After an Emergency, Comprehensive Care is
best for Older Patients
Newswise, July 22, 2011 — Older people
rushed to the emergency room are more likely
to be living at home up to a year later if
they receive a comprehensive and
age-appropriate evaluation during their
hospital stay.
That’s the finding of a new review of recent
studies that evaluate the usefulness of a
comprehensive geriatric assessment, or CGA.
“Rather than a single assessment, a CGA is a
thorough examination of an older person’s
medical background and psychological and
functional capabilities, combined with a
multidisciplinary treatment plan,” said
Graham Ellis, M.D., lead review author and a
geriatrician at Monklands Hospital in
Airdrie, Scotland.
Conducted by a team of health care workers
who specialize in geriatric care, Ellis and
colleagues said, a thorough assessment could
save lives and spare older patients further
deterioration and colleagues.
“There is a clear and significant
improvement in the chances of a patient
being alive and in their own home at up to a
year after an emergency hospital admission
if they receive coordinated specialist
services,” Ellis said.
The review appears in the latest issue of The
Cochrane Library, a publication of the
Cochrane Collaboration, an international
organization that evaluates medical
research.

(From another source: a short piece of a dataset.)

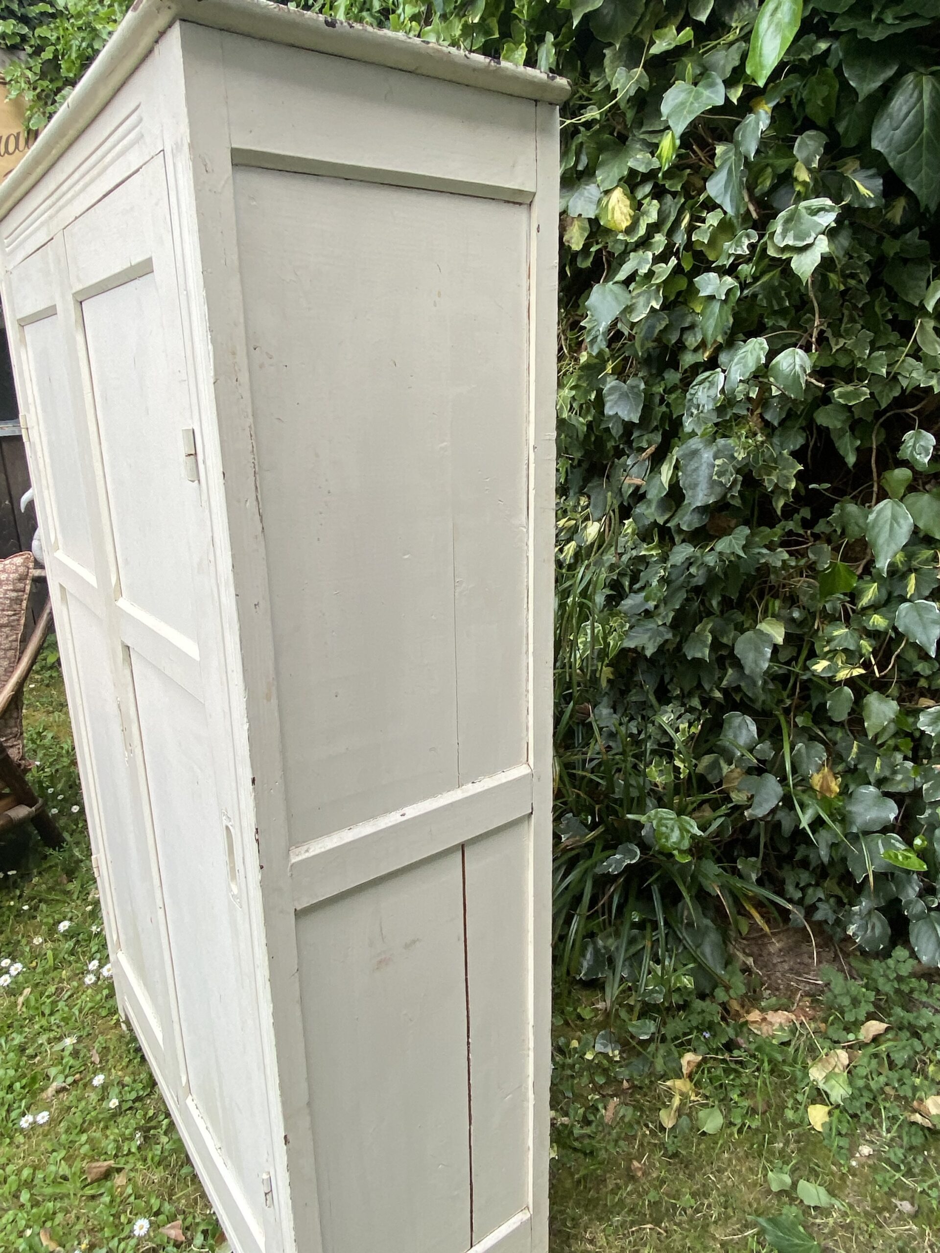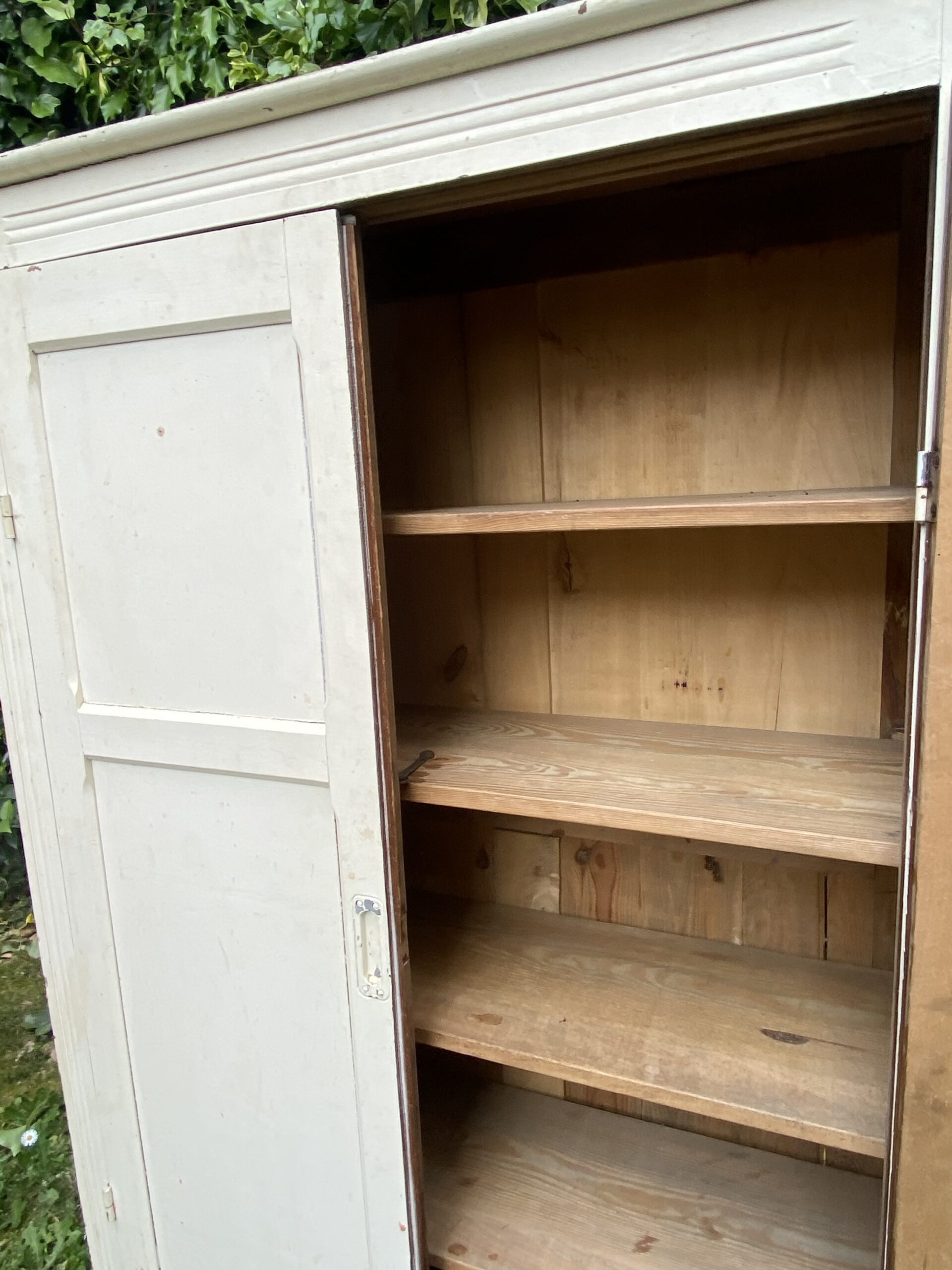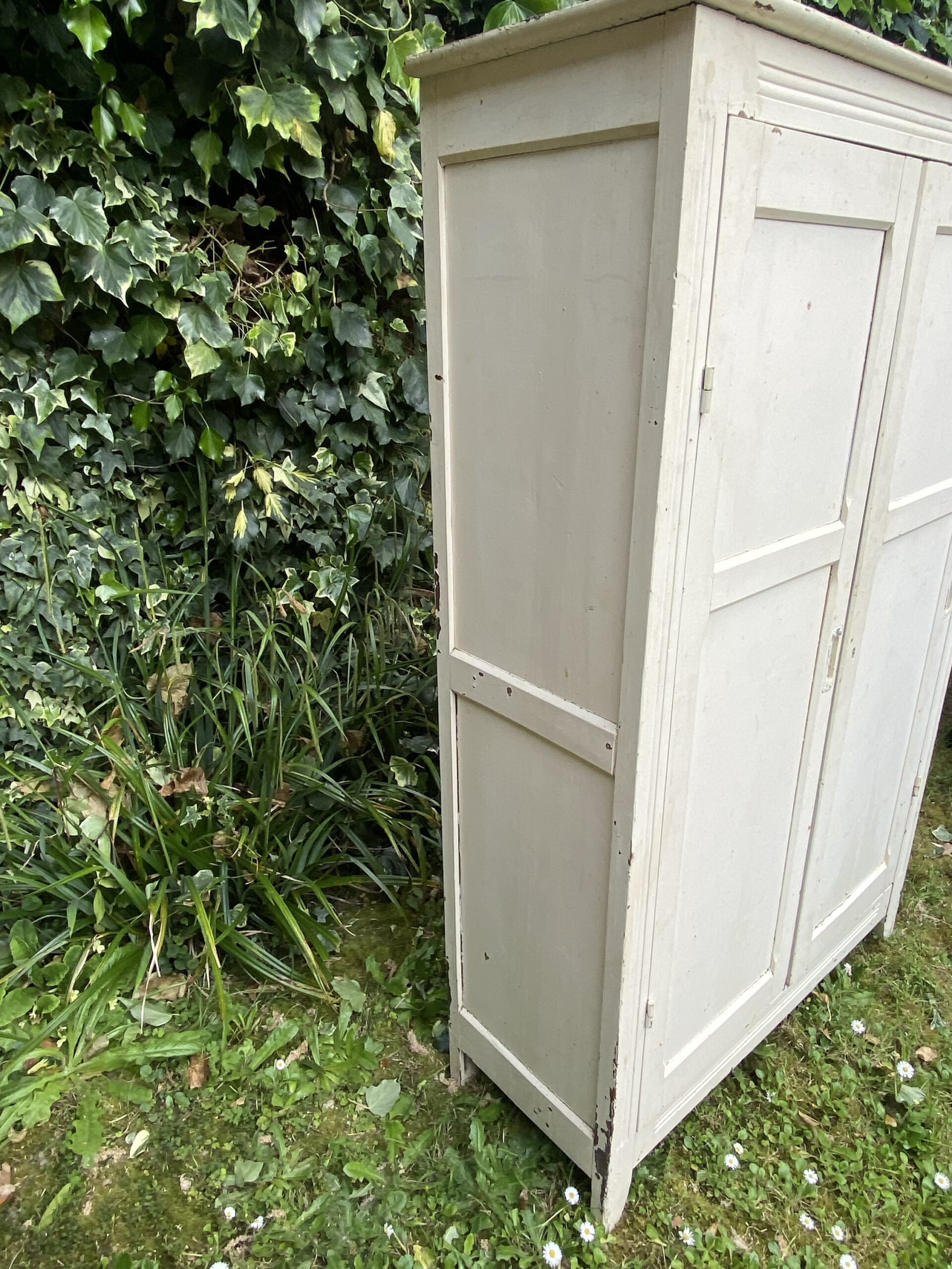 Petite armoire parisienne dans sa atone blanche d’origine. Deux portes. Plusieurs étagères à l’intérieur.

Systematic reviews draw
evidence-based conclusions about medical
practice after considering both the content
and quality of existing medical trials on a
topic.
Emergency hospital admissions are on the
rise worldwide, a trend that is growing
fastest among people over 65. The Cochrane
researchers analyzed 22 studies involving
more than 10,000 patients admitted to
emergency rooms in the United States,
Sweden, Australia, Canada, Germany and
Norway.
Those who received comprehensive geriatric
assessments during their stay were more
likely to live in their own homes and even
experience improved cognition than were
those who received general medical care.
Yet, these effects were most clearly visible
following patient admission to hospital
wards dedicated to geriatric care, rather
than simply being visited in general wards
by geriatric specialists.
“This effect is very similar to the
differences observed between stroke wards
and stroke teams,” Ellis said. “A dedicated
ward with more time focused exclusively on
older peoples’ care allows greater learning
within the team, fostering the development
of greater skills and expertise.”
Outside of a dedicated geriatric ward, he
added, a comprehensive geriatric assessment
team might have less influence over other
physicians and nurses who are directly
involved in a patient’s care. “As a
consequence, recommendations for treatment
and therapy are not always carried through,”
Ellis said.
The researchers suggest that the significant
benefits of these assessments — and the
relatively low financial costs of specialist
wards — should encourage hospitals to
reorganize their geriatric services.
Other researchers have found ways to use the
comprehensive geriatric assessments outside
of a hospital setting, which could save even
more money in the long term. The GRACE
project, administered and tested by Indiana
University, the Regenstrief Institute and
Wishard Health Services across the United
States, connects older, low-income patients
with a multidisciplinary geriatric health
care team via home visits by a nurse
practitioner and social worker.
The GRACE program has been shown to lower
hospital admission rates and improve the
quality of life even for older adults with
multiple chronic diseases, said Steven
Counsell, M.D., the program’s lead
researcher and a geriatric professor at
Indiana University School of Medicine.
“We have found a strategy to do that for a
very vulnerable growing population in a way
that shows cost savings over time,” Counsell
said, “and has the added benefit of
providing services that these seniors
desperately need but can't get elsewhere.”